*EXERCISE PROMPT:*
Retype the data below exactly; skip every image.

*DATASET CONTENT:*
= Beginning of Section =
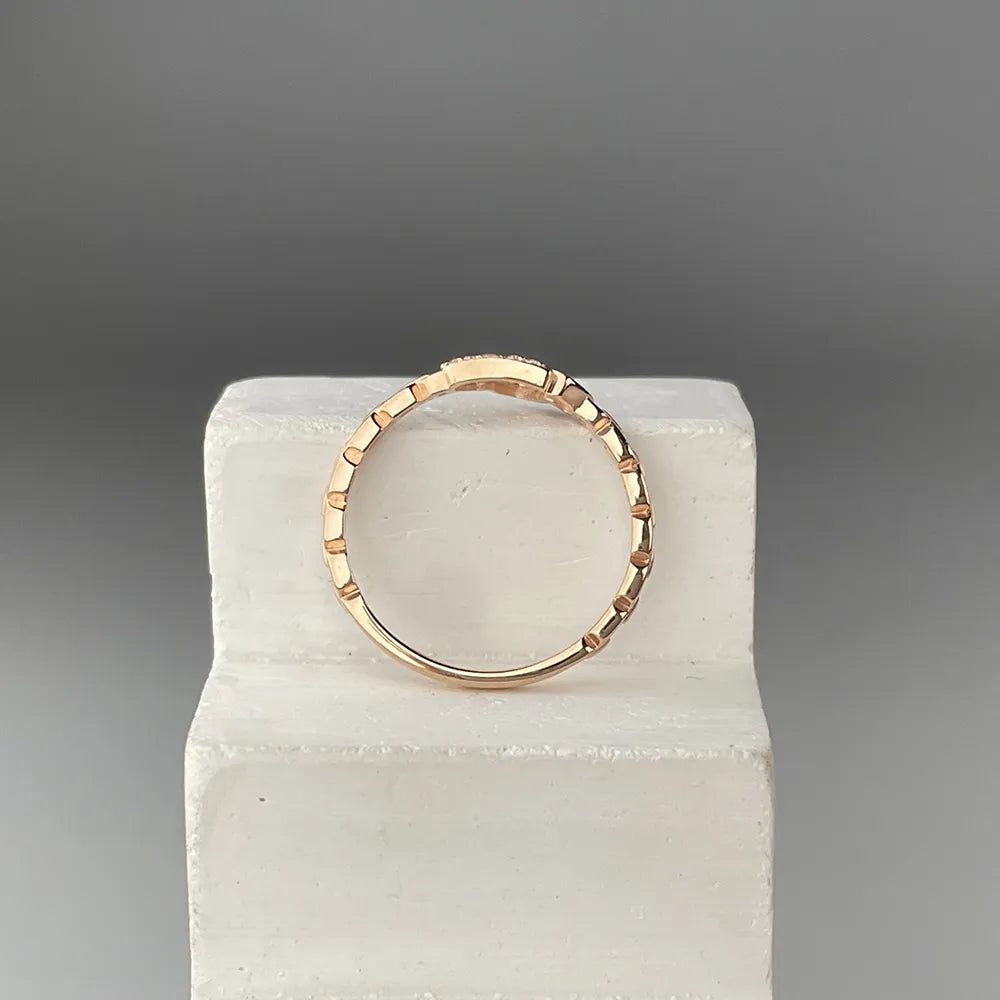 Золота каблучка 585 проби– це елегантна прикраса, що поєднує класичну розкіш з сучасним дизайном. Виготовлена з високоякісного червоного золота, вона має чудову міцність і здатна зберігати свій блиск на довгі роки. Вибір золотої каблучки стане не тільки символом вашого стилю, але й ознакою важливих моментів у житті, таких як заручини чи ювілей. Її елегантний вигляд і бездоганний дизайн роблять цю каблучку універсальним аксесуаром для будь-якої ситуації. Прикраса доповнена вставкою, що надає їй особливого шарму та витонченості.
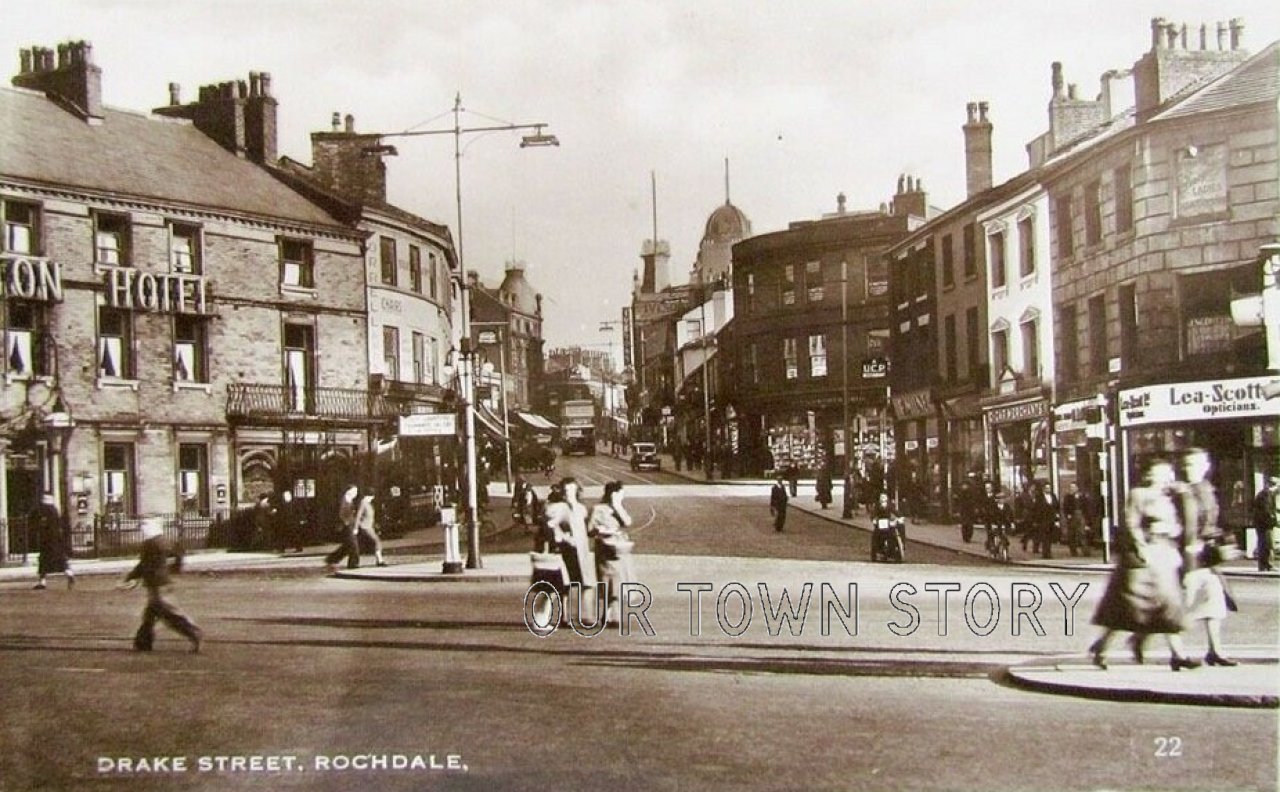 The Wellington on the left is still there, and the opticians on the right is now a Dallas Fried Chicken. The domes on the buildings up Drake Street...
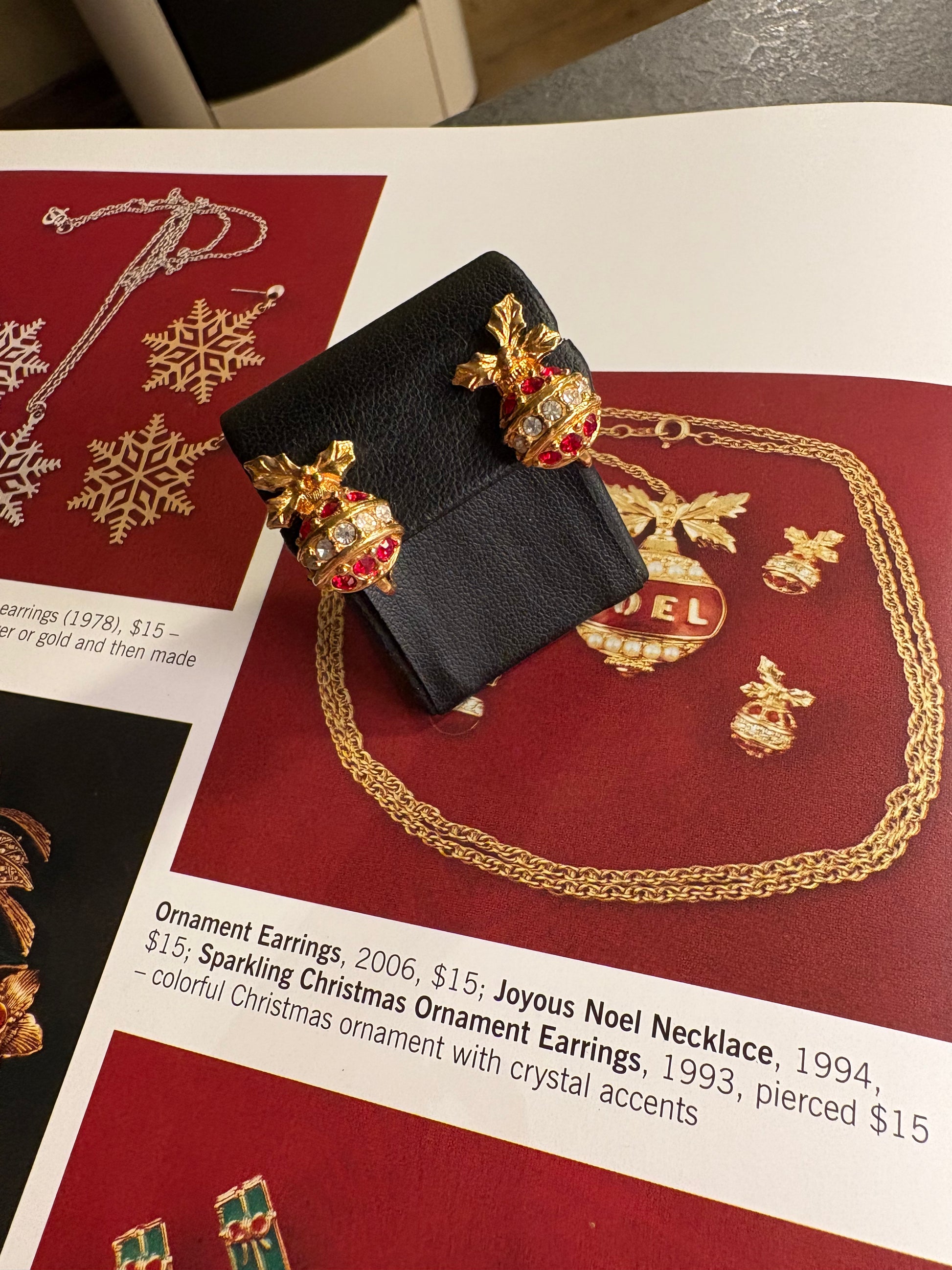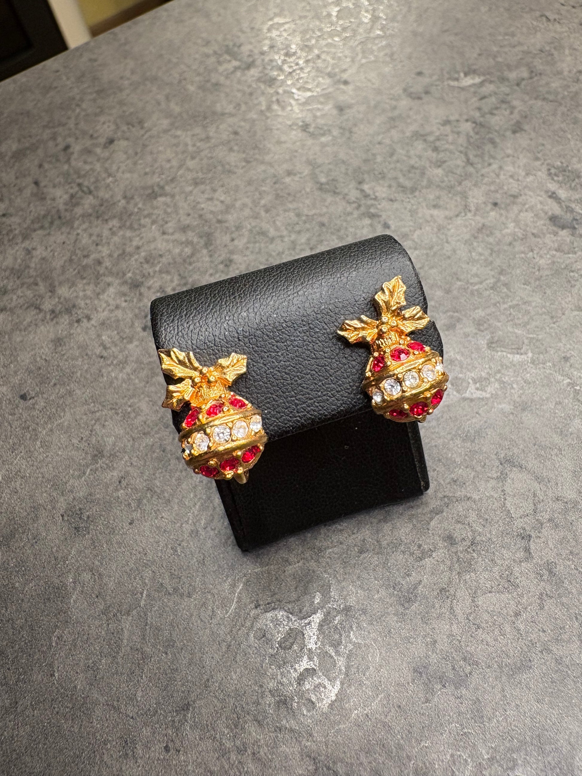 Deliziosi orecchini a clip vintage natalizi Avon, collezione Sparkling Christmas Ornament Earrings, datati 1993.
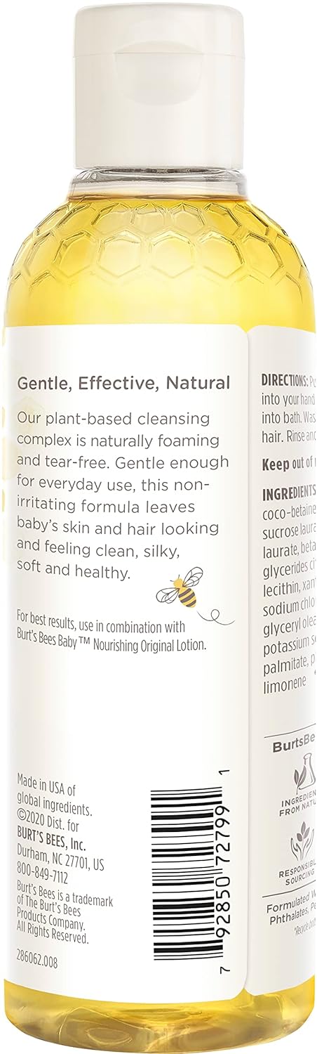 A tear free formula to naturally clean your baby's sensitive skin and hair. Burt's Bees Baby Shampoo & Wash is clinically shown to be gentle enough for everyday use. This naturally foaming, non irritating baby shampoo and wash is made with 99.9% natural, plant based formula containing soy proteins to leave your baby clean and smooth. Plus it is pediatrician tested and contains no phthalates, parabens, petrolatum or SLS.
= End of Section =
*ANSWER SECTION:*
 Золота каблучка 585 проби– це елегантна прикраса, що поєднує класичну розкіш з сучасним дизайном. Виготовлена з високоякісного червоного золота, вона має чудову міцність і здатна зберігати свій блиск на довгі роки. Вибір золотої каблучки стане не тільки символом вашого стилю, але й ознакою важливих моментів у житті, таких як заручини чи ювілей. Її елегантний вигляд і бездоганний дизайн роблять цю каблучку універсальним аксесуаром для будь-якої ситуації. Прикраса доповнена вставкою, що надає їй особливого шарму та витонченості.
 The Wellington on the left is still there, and the opticians on the right is now a Dallas Fried Chicken. The domes on the buildings up Drake Street...
 Deliziosi orecchini a clip vintage natalizi Avon, collezione Sparkling Christmas Ornament Earrings, datati 1993.
 A tear free formula to naturally clean your baby's sensitive skin and hair. Burt's Bees Baby Shampoo & Wash is clinically shown to be gentle enough for everyday use. This naturally foaming, non irritating baby shampoo and wash is made with 99.9% natural, plant based formula containing soy proteins to leave your baby clean and smooth. Plus it is pediatrician tested and contains no phthalates, parabens, petrolatum or SLS.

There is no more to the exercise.